BPMigas deputy chairman Abdul Muin said the existing contracts were due for revision, as there were numerous disputable clauses.
"I agree with the BPK recommendation (for contract revision). We are getting into a lot of trouble because of the contracts made by our predecessors. But from what I know, the companies are not intending to profit from the loopholes," he said.
However, Energy and Mineral Resources Minister Purnomo Yusgiantoro has plainly refused requests for revising the existing contracts as it would require joint approval from the companies.
While problems in the contracts are likely to continue, weak supervision by BPMigas in detecting the abuses and punishing those involved provide incentive for the contractors to claim inappropriate expenses.
The BPK said some BPMigas officials and government auditors were also involved in the abuses.
For example, in 2005 BPMigas requested a refund of Chevron's East Kalimantan operation for petty cash expenses of $111,312, of which $80,249 was deemed irregular by the BPK as many items lacked receipts.
According to the BPK, the expenses were for financing exhibitions and business trip made by several BPMigas officials, as well as overseas business travel for the auditors of state development comptrollers (BPKP).
Expenses of this kind are against the agencies' internal regulations, which ban their officials from being entertained by other parties.
The expenses were later claimed by Chevron for a refund.
In the BPK report, Chevron clarified there were no regulations on the kind of items which could be included in the petty cash expenses, and that all transactions were accounted for by receipts.
In its written statement to the Post, Chevron, whose total operations in Indonesia account for half of the country's oil output, said it was subject to the U.S. Foreign Corrupt Practices Act, which functions as its internal control.
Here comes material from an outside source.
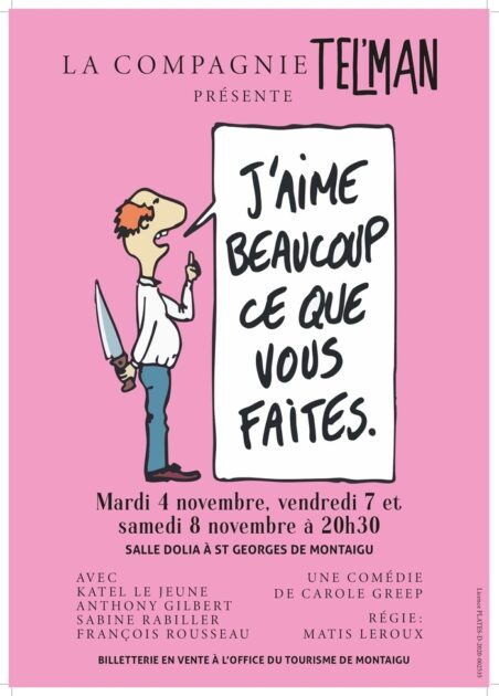 Pièce théâtre Le 04 novembre 2025 La compagnie Tel’Man présente “J’aime beaucoup ce que vous faites ” les 4, 7 et 8 novembre 2025 à 20h30, salle Dolia à Saint-Georges-de-Montaigu MONTAIGU-VENDEE. Dates Le mardi 04 novembre 2025 de 20:30 à 23:00 Le vendredi 07 novembre 2025 de 20:30 à 23:00 Le samedi 08 novembre 2025 de 20:30 à 23:00 Contact(s) 02 51 06 39 17 Localisation Salle Dolia, Montaigu Vendée (Saint-Georges-de-Montaigu) Chassereau Saint-Georges-de-Montaigu, 85600 Montaigu-Vendée

The company said it monitors and prohibits the practice of offering bribes, whether in monetary or other form, to government officials in return for business favors.
It also denied it had profited, as indicated by the BPK, from loopholes in regulations.
"We have never heard of any such claim on the part of the BPK, which always performs its duties with the utmost professionalism. What is also important to understand is that no one has anything to gain by inflating costs. Investors would also suffer losses as the equity to split would be smaller.
"With current high oil prices, operational costs have increased dramatically. In all fairness, we should not only look at cost recovery, but also at the revenues received by the state," said Chevron.
In some cases, BPMigas even approves a cost recovery claim amounting to more than 100 percent of the expenses estimated for a project, despite a failure by the contractors to deliver the promised oil and gas output.
Although BPMigas has discovered cases of cost inflation, there has been no punishment so far to recalcitrant oil and gas contractors.
"That explains why some companies keep putting up dubious expenses for rebate. They know that if they are caught, they will escape unpunished," head of BPK auditing for BPMigas, Wasito, said.
-- JP/Rendi Akhmad Witular, with additional reporting from Ika Krismantari.